Medline ® Abstract for Reference 67
of 'Familial risk factors for pancreatic cancer and screening of high-risk patients'
Intraductal papillary mucinous neoplasms of the pancreas: an updated experience.
Sohn TA, Yeo CJ, Cameron JL, Hruban RH, Fukushima N, Campbell KA, Lillemoe KD
Ann Surg. 2004;239(6):788.
OBJECTIVE: To update the authors' experience with intraductal papillary mucinous neoplasms (IPMNs) of the pancreas.
BACKGROUND DATA: IPMNs are intraductal mucin-producing cystic neoplasms of the pancreas with clear malignant potential. Since the authors' 2001 report, the number of IPMNs resected at our institution has more than doubled, providing an opportunity to define the clinical features of this distinct neoplasm.

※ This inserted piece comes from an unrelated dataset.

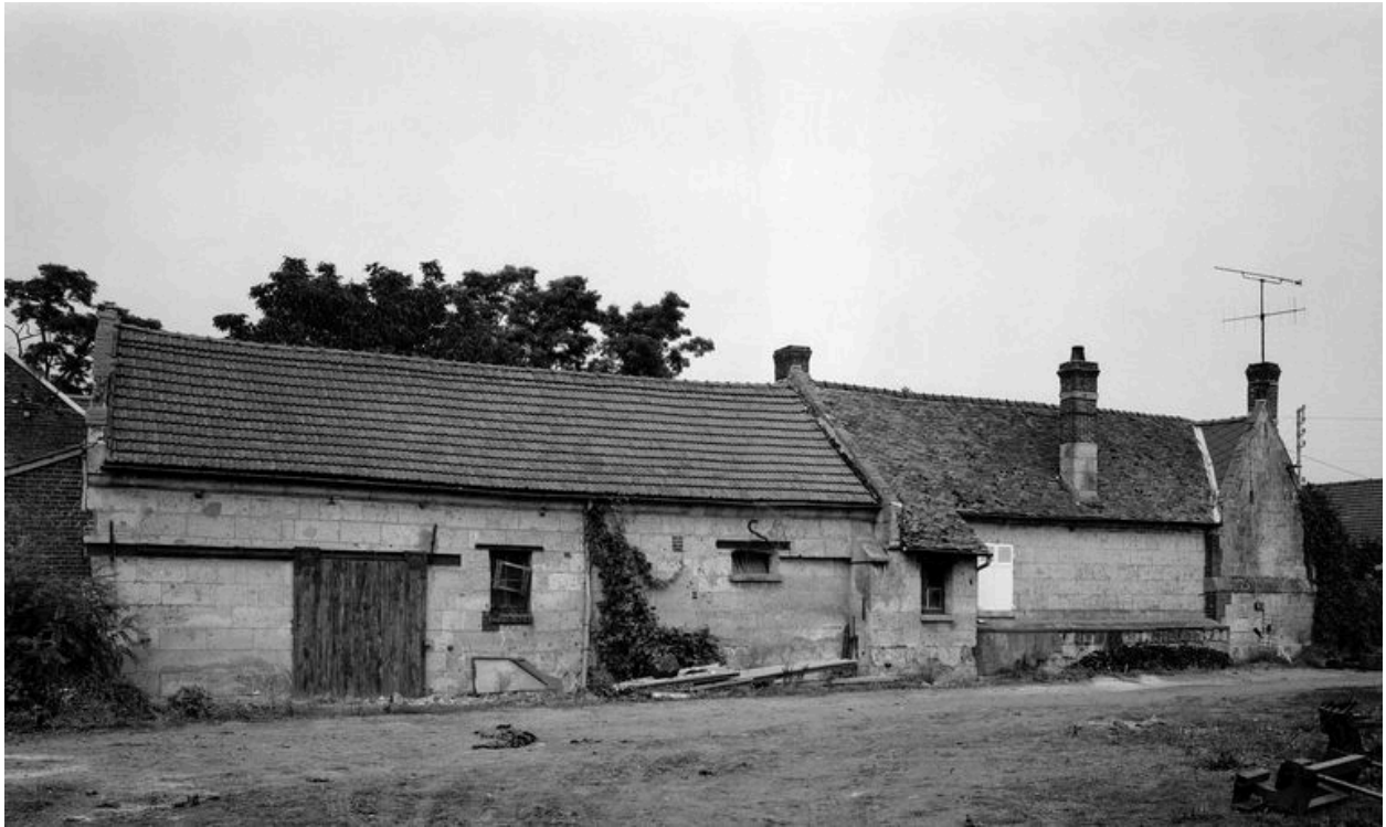
Second logis, four et étables. Elévation postérieure.

METHODS: All patients undergoing pancreatic resection for an IPMN at the Johns Hopkins Hospital between January 1987 and March 2003 were evaluated. Noninvasive IPMNs were classified as "adenoma," "borderline," or "carcinoma-in situ" (CIS) depending on the degree of dysplasia within the specimen. Invasive cancers were classified as tubular, colloid, mixed, or anaplastic types. Pathology was retrospectively reviewed to identify main-duct or branch-duct origin of the tumors. Long-term overall survival for patients having IPMNs with invasive cancer was compared with those patients having IPMNs without an invasive component.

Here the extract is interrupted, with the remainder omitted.